═══ DATA PROVIDED

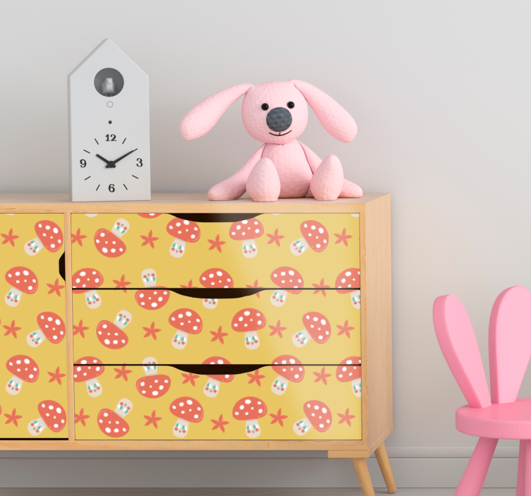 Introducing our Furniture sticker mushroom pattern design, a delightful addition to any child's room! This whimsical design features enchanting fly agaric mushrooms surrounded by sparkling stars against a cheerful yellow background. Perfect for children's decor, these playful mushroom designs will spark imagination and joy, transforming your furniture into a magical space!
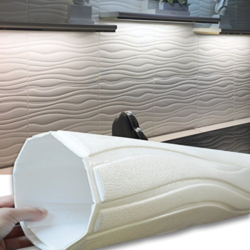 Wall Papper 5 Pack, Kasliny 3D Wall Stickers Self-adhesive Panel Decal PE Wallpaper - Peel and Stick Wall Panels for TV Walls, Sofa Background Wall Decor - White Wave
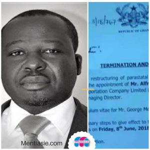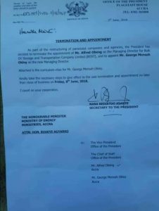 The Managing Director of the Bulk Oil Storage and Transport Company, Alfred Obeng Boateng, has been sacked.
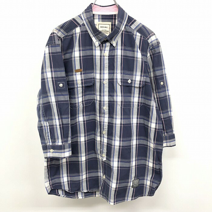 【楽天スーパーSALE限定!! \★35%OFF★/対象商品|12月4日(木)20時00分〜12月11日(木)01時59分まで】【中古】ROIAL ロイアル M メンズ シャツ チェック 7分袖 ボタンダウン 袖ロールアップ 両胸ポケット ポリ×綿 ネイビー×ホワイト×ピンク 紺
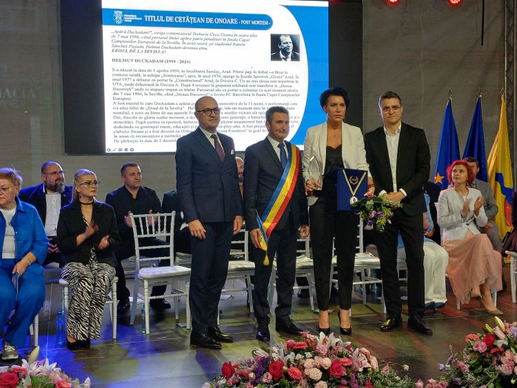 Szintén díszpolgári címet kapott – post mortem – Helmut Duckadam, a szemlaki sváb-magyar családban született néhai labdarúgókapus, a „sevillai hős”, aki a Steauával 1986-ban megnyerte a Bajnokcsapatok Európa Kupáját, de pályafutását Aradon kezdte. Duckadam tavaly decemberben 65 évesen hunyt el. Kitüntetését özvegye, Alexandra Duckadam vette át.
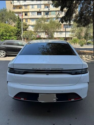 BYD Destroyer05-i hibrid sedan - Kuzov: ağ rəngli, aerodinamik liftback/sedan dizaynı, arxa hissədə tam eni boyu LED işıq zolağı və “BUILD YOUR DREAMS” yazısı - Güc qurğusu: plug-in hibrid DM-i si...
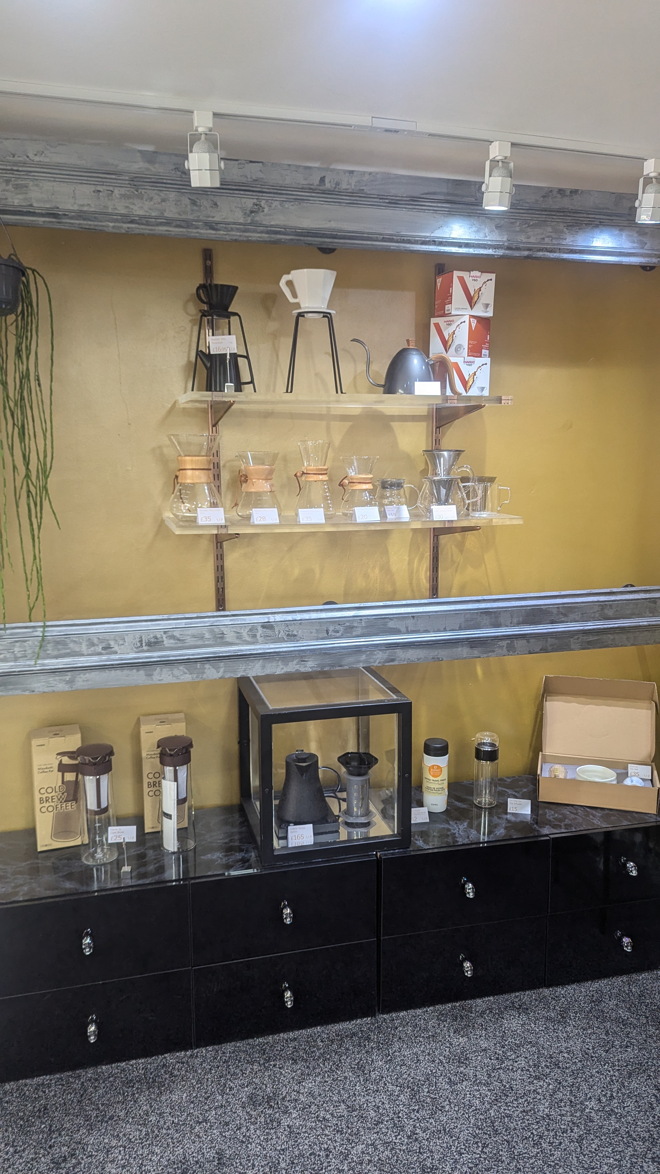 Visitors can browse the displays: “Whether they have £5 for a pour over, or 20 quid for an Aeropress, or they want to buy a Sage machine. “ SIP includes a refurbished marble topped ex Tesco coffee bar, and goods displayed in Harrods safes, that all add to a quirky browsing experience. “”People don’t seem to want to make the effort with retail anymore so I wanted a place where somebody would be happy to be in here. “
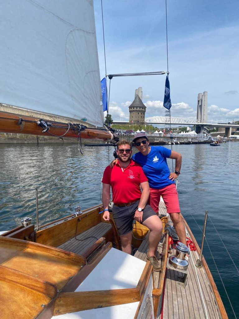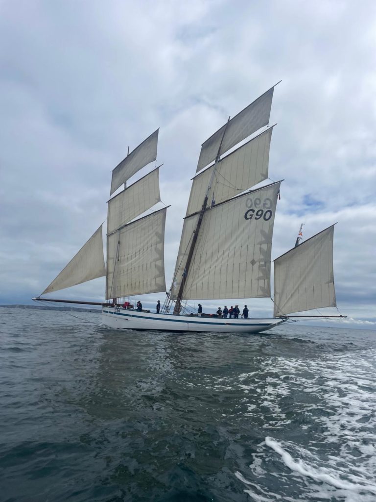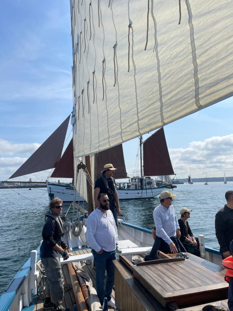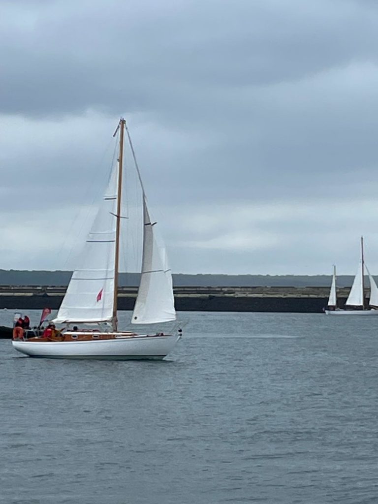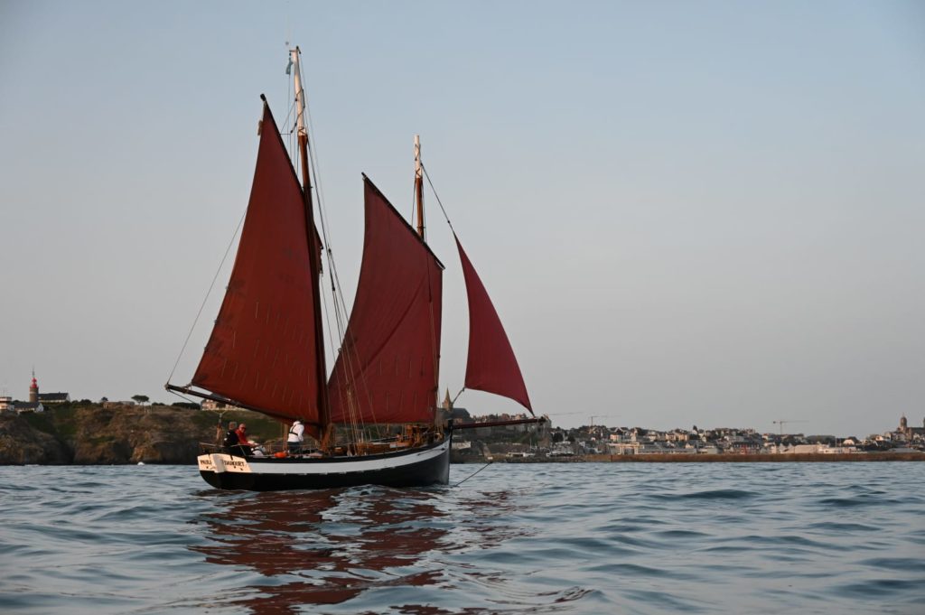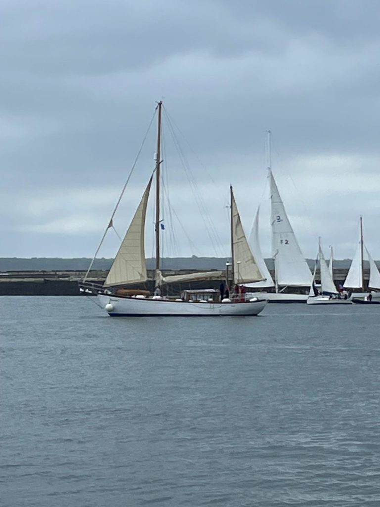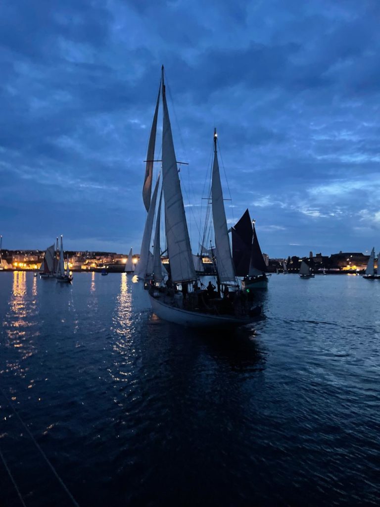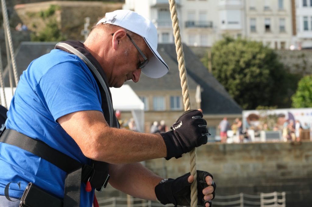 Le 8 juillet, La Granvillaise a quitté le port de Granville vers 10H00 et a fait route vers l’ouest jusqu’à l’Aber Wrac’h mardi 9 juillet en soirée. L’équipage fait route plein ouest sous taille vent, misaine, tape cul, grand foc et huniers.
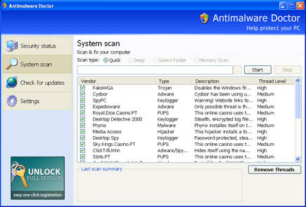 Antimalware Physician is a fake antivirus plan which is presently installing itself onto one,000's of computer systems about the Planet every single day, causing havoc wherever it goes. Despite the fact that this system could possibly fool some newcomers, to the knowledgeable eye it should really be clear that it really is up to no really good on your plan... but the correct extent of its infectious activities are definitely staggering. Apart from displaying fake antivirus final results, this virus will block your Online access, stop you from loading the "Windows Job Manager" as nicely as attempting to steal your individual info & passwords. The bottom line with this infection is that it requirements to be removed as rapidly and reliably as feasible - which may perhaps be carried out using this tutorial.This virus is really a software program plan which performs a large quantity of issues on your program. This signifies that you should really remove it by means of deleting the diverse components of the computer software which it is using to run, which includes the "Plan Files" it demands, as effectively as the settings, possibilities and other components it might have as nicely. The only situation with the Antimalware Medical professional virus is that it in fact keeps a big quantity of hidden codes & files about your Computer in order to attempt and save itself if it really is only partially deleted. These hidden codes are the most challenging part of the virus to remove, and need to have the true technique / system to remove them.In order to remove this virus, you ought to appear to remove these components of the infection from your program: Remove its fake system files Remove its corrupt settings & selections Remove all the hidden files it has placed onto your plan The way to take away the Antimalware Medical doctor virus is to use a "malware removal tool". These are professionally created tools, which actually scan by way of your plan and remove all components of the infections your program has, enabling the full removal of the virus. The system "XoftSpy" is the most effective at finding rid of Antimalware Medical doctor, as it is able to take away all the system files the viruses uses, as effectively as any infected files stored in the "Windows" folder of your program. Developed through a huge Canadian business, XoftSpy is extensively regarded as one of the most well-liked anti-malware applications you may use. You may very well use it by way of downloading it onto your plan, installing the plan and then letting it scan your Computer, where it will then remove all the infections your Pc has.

══════
═══ DATA PROVIDED

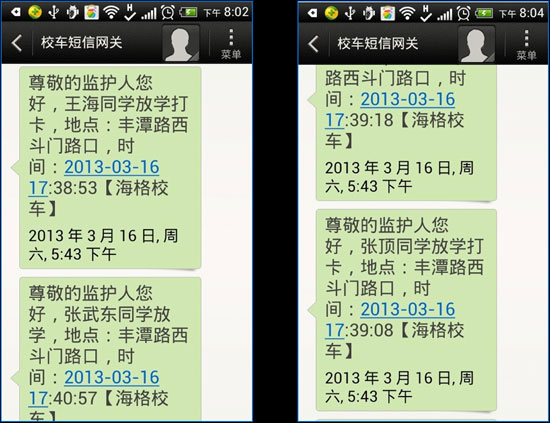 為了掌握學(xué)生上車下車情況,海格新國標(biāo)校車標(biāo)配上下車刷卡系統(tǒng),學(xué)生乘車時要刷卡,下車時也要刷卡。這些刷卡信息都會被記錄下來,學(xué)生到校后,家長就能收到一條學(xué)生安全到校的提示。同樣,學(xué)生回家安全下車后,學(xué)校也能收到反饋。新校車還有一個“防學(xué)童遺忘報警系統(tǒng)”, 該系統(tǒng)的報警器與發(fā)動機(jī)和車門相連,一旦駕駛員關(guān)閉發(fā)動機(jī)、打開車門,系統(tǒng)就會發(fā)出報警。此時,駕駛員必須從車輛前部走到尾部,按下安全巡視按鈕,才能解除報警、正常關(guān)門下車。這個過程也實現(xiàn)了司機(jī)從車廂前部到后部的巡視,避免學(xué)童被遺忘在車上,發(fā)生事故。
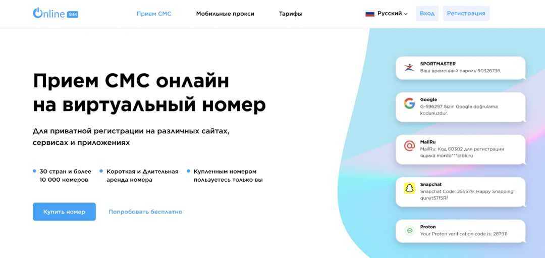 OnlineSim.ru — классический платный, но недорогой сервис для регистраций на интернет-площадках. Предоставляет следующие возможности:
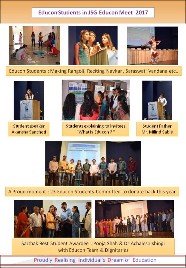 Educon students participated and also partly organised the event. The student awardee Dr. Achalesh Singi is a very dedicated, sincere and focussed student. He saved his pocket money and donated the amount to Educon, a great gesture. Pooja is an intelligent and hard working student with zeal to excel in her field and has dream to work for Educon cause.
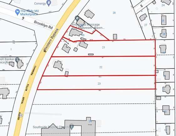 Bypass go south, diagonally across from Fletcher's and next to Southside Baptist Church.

══════

Range to copy from the listing above: the line with "Introducing our Furniture" through the line with "ポリ×綿 ネイビー×ホワイト×ピンク 紺". Transcribe it exactly and skip the pictures.

 Introducing our Furniture sticker mushroom pattern design, a delightful addition to any child's room! This whimsical design features enchanting fly agaric mushrooms surrounded by sparkling stars against a cheerful yellow background. Perfect for children's decor, these playful mushroom designs will spark imagination and joy, transforming your furniture into a magical space!
 Wall Papper 5 Pack, Kasliny 3D Wall Stickers Self-adhesive Panel Decal PE Wallpaper - Peel and Stick Wall Panels for TV Walls, Sofa Background Wall Decor - White Wave
 The Managing Director of the Bulk Oil Storage and Transport Company, Alfred Obeng Boateng, has been sacked.
 【楽天スーパーSALE限定!! \★35%OFF★/対象商品|12月4日(木)20時00分〜12月11日(木)01時59分まで】【中古】ROIAL ロイアル M メンズ シャツ チェック 7分袖 ボタンダウン 袖ロールアップ 両胸ポケット ポリ×綿 ネイビー×ホワイト×ピンク 紺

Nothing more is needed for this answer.